為數據科學而設的可解釋符號回歸：2022年競賽的分析可解釋符號回歸搜索可以精確描述研究現象的解析表達式。這種方法的主要魅力是它可以返回一個對使用者有洞見的可解釋模型。歷史上符號回歸的大多數算法都基於進化算法，但近來出現了很多新的方法，例如枚舉算法、混合整數線性規劃、神經網絡和貝葉斯優化等。為了評估這些新方法在現實世界數據中可能會面臨的常見挑戰，我們在2022年基因和進化計算會議上舉辦了一場競賽，其中包括不同的合成和真實世界數據集，這些數據集對參賽者是盲的。對於真實世界的比賽，我們通過使用領域專家來評估候選模型的可信度，以真實的方式評估可解釋性。我們對這次比賽的結果進行了深入分析，討論了符號回歸算法目前的挑戰，並強調了未來比賽的可能改進之處。 (Interpretable Symbolic Regression for Data Science: Analysis of the 2022 Competition)

翻译：為數據科學而設的可解釋符號回歸：2022年競賽的分析可解釋符號回歸搜索可以精確描述研究現象的解析表達式。這種方法的主要魅力是它可以返回一個對使用者有洞見的可解釋模型。歷史上符號回歸的大多數算法都基於進化算法，但近來出現了很多新的方法，例如枚舉算法、混合整數線性規劃、神經網絡和貝葉斯優化等。為了評估這些新方法在現實世界數據中可能會面臨的常見挑戰，我們在2022年基因和進化計算會議上舉辦了一場競賽，其中包括不同的合成和真實世界數據集，這些數據集對參賽者是盲的。對於真實世界的比賽，我們通過使用領域專家來評估候選模型的可信度，以真實的方式評估可解釋性。我們對這次比賽的結果進行了深入分析，討論了符號回歸算法目前的挑戰，並強調了未來比賽的可能改進之處。

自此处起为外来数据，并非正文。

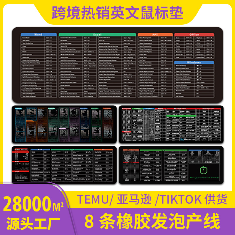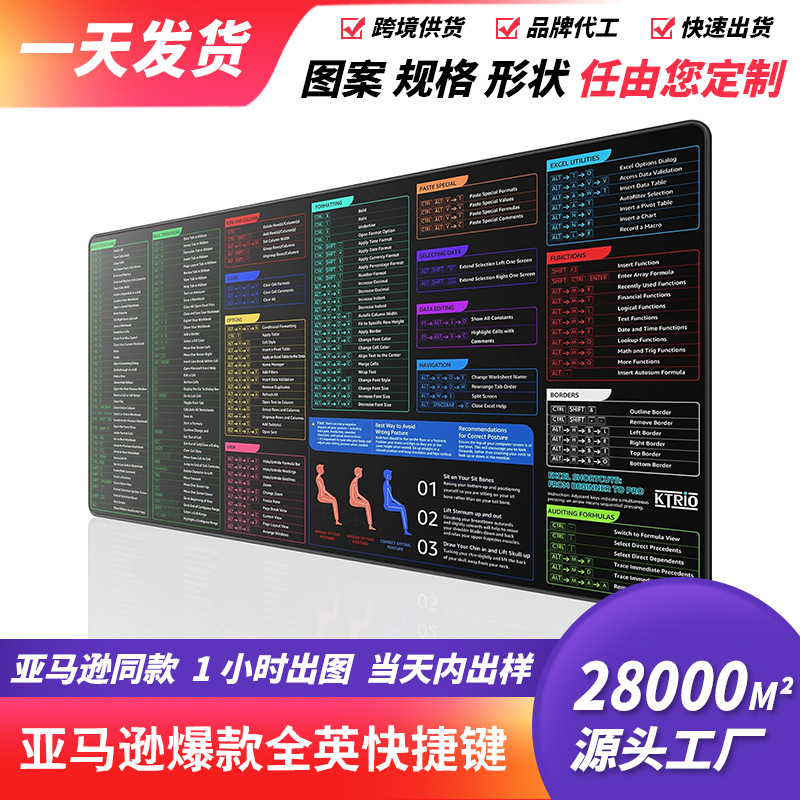 Excel完全英語ショートカットキーマウスパッドAmazonコンピュータオフィス専用クロスボーダーヨーロッパとアメリカの人気の滑り止めテーブル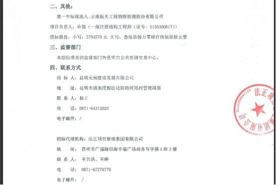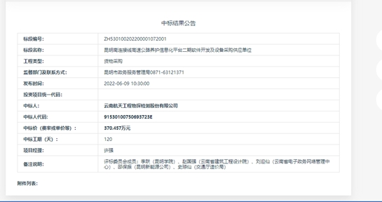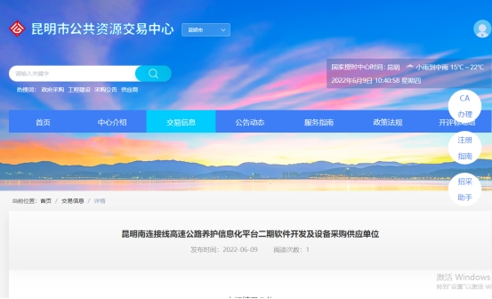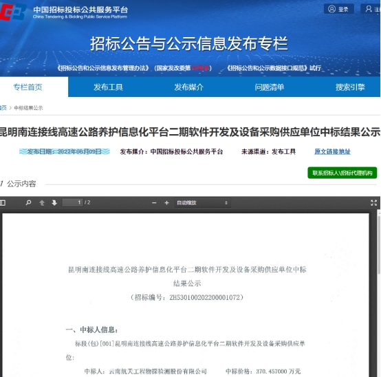 昆明南连接线高速公路养护信息化平台二期软件开发及设备采购供应单位中标结果公示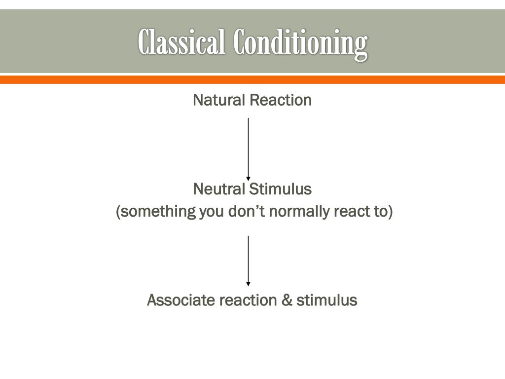 Classical Conditioning Natural Reaction Neutral Stimulus (something you don’t normally react to) Associate reaction & stimulus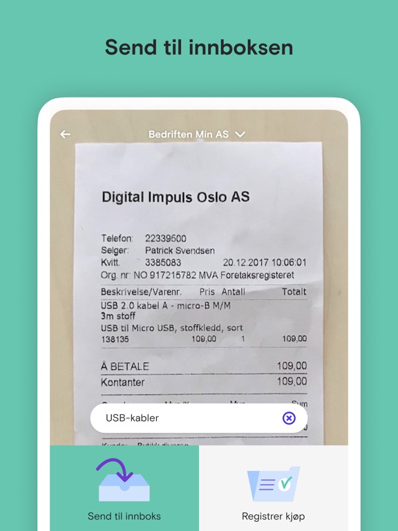 Utgifter er sjelden gøy, men hos oss er de i hvert fall enkle å bli ferdige med: Bruk appen vår til å kvitte deg med kvitteringene dine i en fei! Ta bilde, registrer kjøpet med det samme, eller send det til innboksen din, og gjør det når det passer deg. Inntekter er både gøy og enkelt. Faktura/tilbud/ordrebekreftelse kan sendes rett fra appen.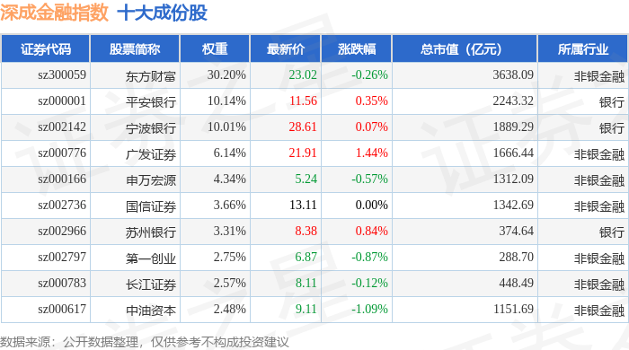 深成金融(399686)指数十大成份股详情如下: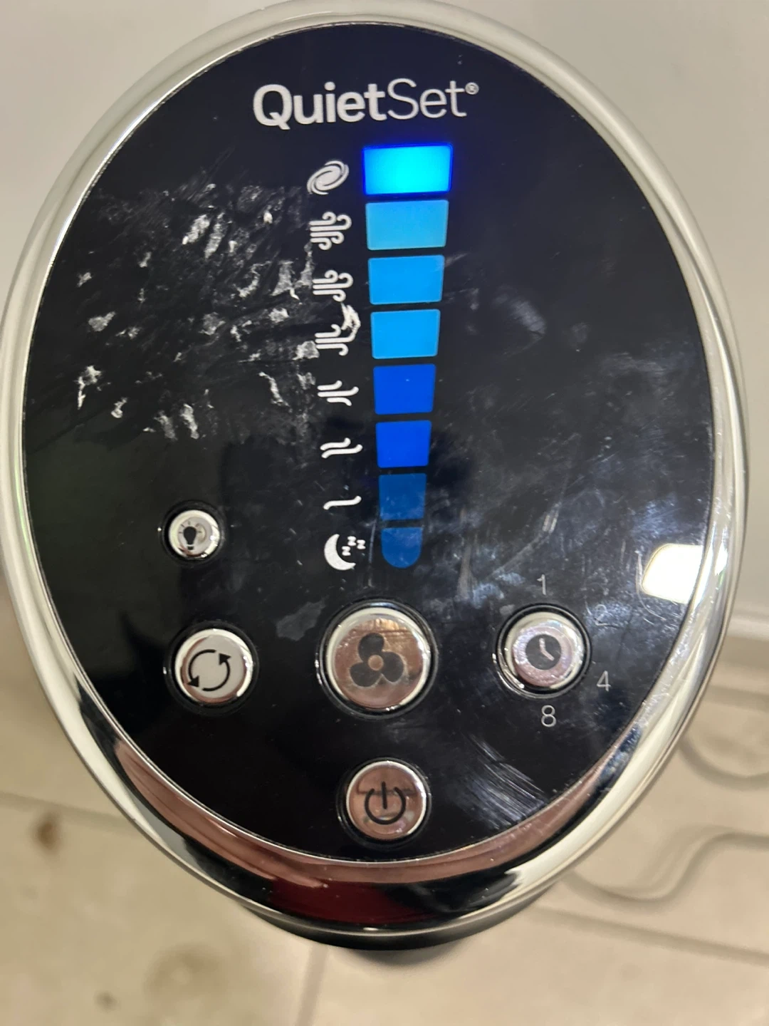 Selling a Honeywell QuietSet tower fan in black. It has multiple speed settings and a timer function. Great for keeping cool!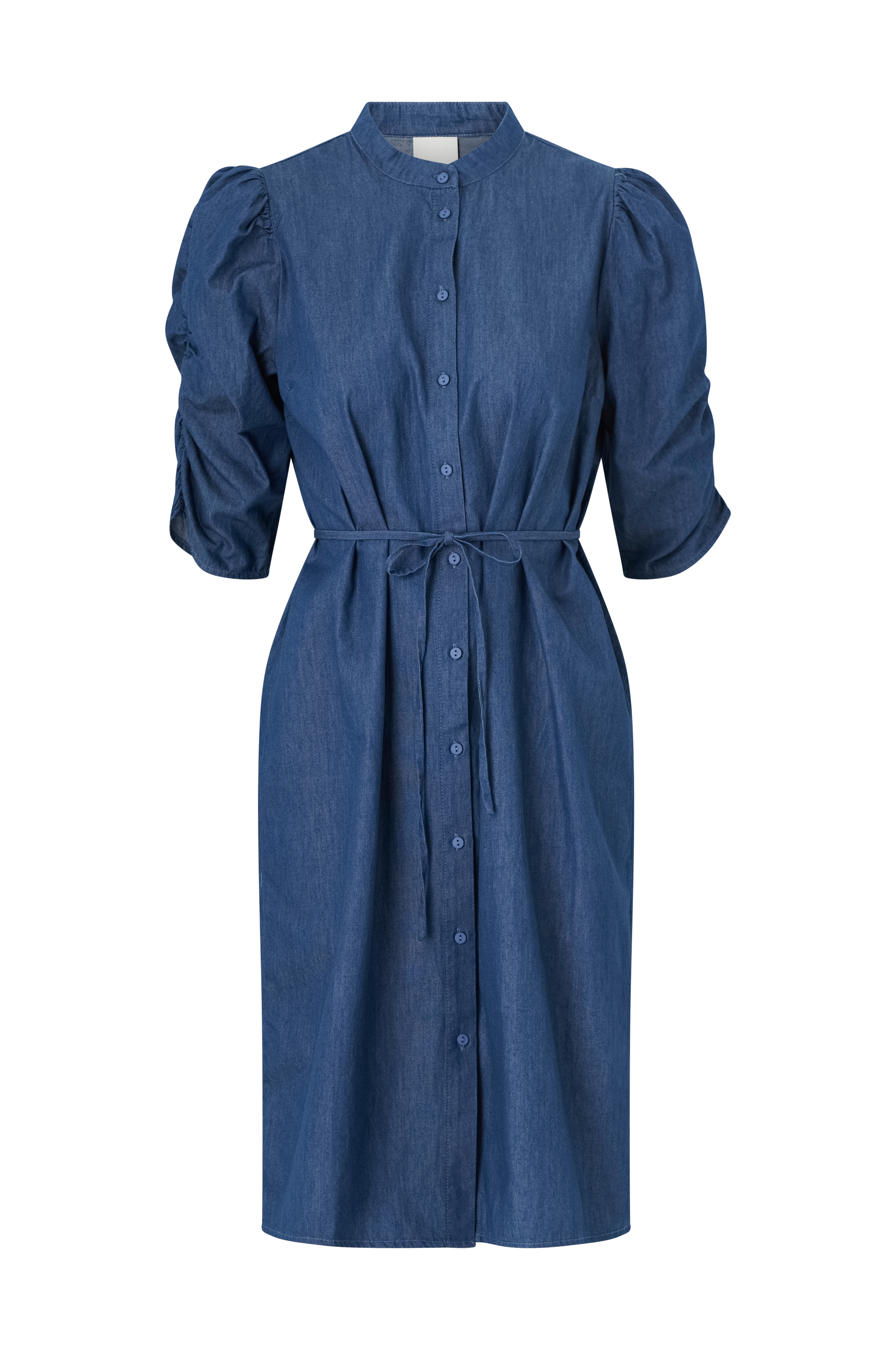 • Lige model med tyndt bindebælte• Rund hals med lille kant• Knapper hele vejen frem• Halvlangt ballonærme med elastisk drapering på ydersiden• Længde: 100 cm i størrelse 36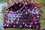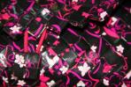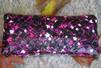 Nicht nur elegant, sondern auch feminin verspielt gibt sich diese Clutch. Auf schwarzem Grund sind hier pinke Schnörkel mit hellrosafarbenen Blümchen zu sehen. Diese Motiv macht diese Clutch schon auf den ersten Blick zum Eyecatcher. Passend zum schwarzen Hintergrund hat die Clutch eine schwarze Trägerkette und lässt sich sowohl zum Abend-, Cocktailkleid als auch zu Jeans.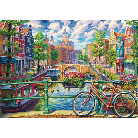 Το Schmidt 58877 Puzzle – Amsterdam Canal Magic είναι ένα παζλ 1000 κομματιών που απεικονίζει μια γραφική σκηνή από τα κανάλια του Άμστερνταμ. Η εικόνα παρουσιάζει μια γέφυρα πάνω από το κανάλι, με ποδήλατο ακουμπισμένο σε πράσινο κιγκλίδωμα, ενώ στο βάθος διακρίνονται πολύχρωμα κτίρια και ένα εντυπωσιακό αρχιτεκτονικό στοιχείο με θόλο.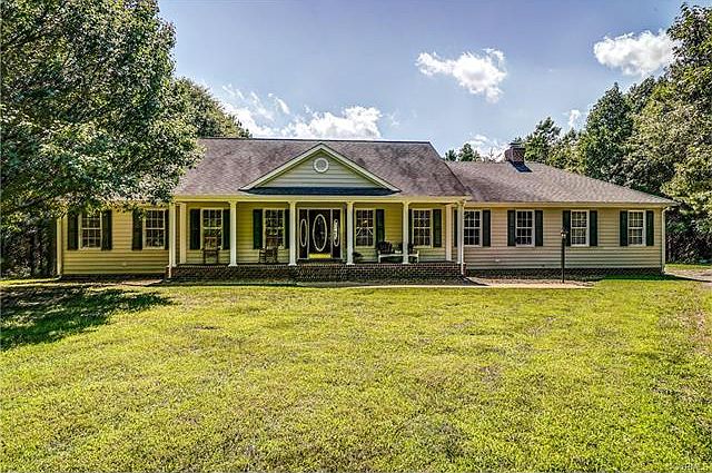 ADORABLE RANCH HOME TUCKED AWAY ON 15+ ACRES! Long Private Driveway leads to this One Level Living Home w/Full Brick Front Porch! Spacious Foyer leading to Kitchen featuring Hardwood Floors, Island, Eat-In Area & Pantry. Open Concept Family Room includes Arched Entry, Corner Gas FP/Mantle, Vaulted Ceiling & French Doors. Additional Spacious Den offers Flex Space w/FP/Mantle, Tray Ceiling, Recessed Lighting, 2 Light/Fans, French Doors. Master Bedroom offers great Natural Light, Tray Ceiling, Walk-In Closet, Carpet & Ensuite Bath w/Dual Vanity, WI Shower, Jetted Tub & Recessed Lighting. Additional Bedrooms have Light/Fans, Sizable Closets & Carpet. Updated Lighting Throughout. Enjoy the SERENE PRIVATE SURROUNDINGS from the Deck & Patio overlooking the Huge Backyard with Part Fenced Area for Pets/Kids. Attached 1 Car Garage AND 2 Car Detached Garage plus Additional Detached Sheds & Carport provides Tons of Extra Storage Space - Every Man's Dream! Great Location Conveniently located between Richmond & Williamsburg!

F. O. de Franca,M. Virgolin,M. Kommenda,M. S. Majumder,M. Cranmer,G. Espada,L. Ingelse,A. Fonseca,M. Landajuela,B. Petersen,R. Glatt,N. Mundhenk,C. S. Lee,J. D. Hochhalter,D. L. Randall,P. Kamienny,H. Zhang,G. Dick,A. Simon,B. Burlacu,Jaan Kasak,Meera Machado,Casper Wilstrup,W. G. La Cava

from arxiv, 13 pages, 13 figures, submitted to IEEE Transactions on Evolutionary Computation

Symbolic regression searches for analytic expressions that accurately describe studied phenomena. The main attraction of this approach is that it returns an interpretable model that can be insightful to users. Historically, the majority of algorithms for symbolic regression have been based on evolutionary algorithms. However, there has been a recent surge of new proposals that instead utilize approaches such as enumeration algorithms, mixed linear integer programming, neural networks, and Bayesian optimization. In order to assess how well these new approaches behave on a set of common challenges often faced in real-world data, we hosted a competition at the 2022 Genetic and Evolutionary Computation Conference consisting of different synthetic and real-world datasets which were blind to entrants. For the real-world track, we assessed interpretability in a realistic way by using a domain expert to judge the trustworthiness of candidate models.We present an in-depth analysis of the results obtained in this competition, discuss current challenges of symbolic regression algorithms and highlight possible improvements for future competitions.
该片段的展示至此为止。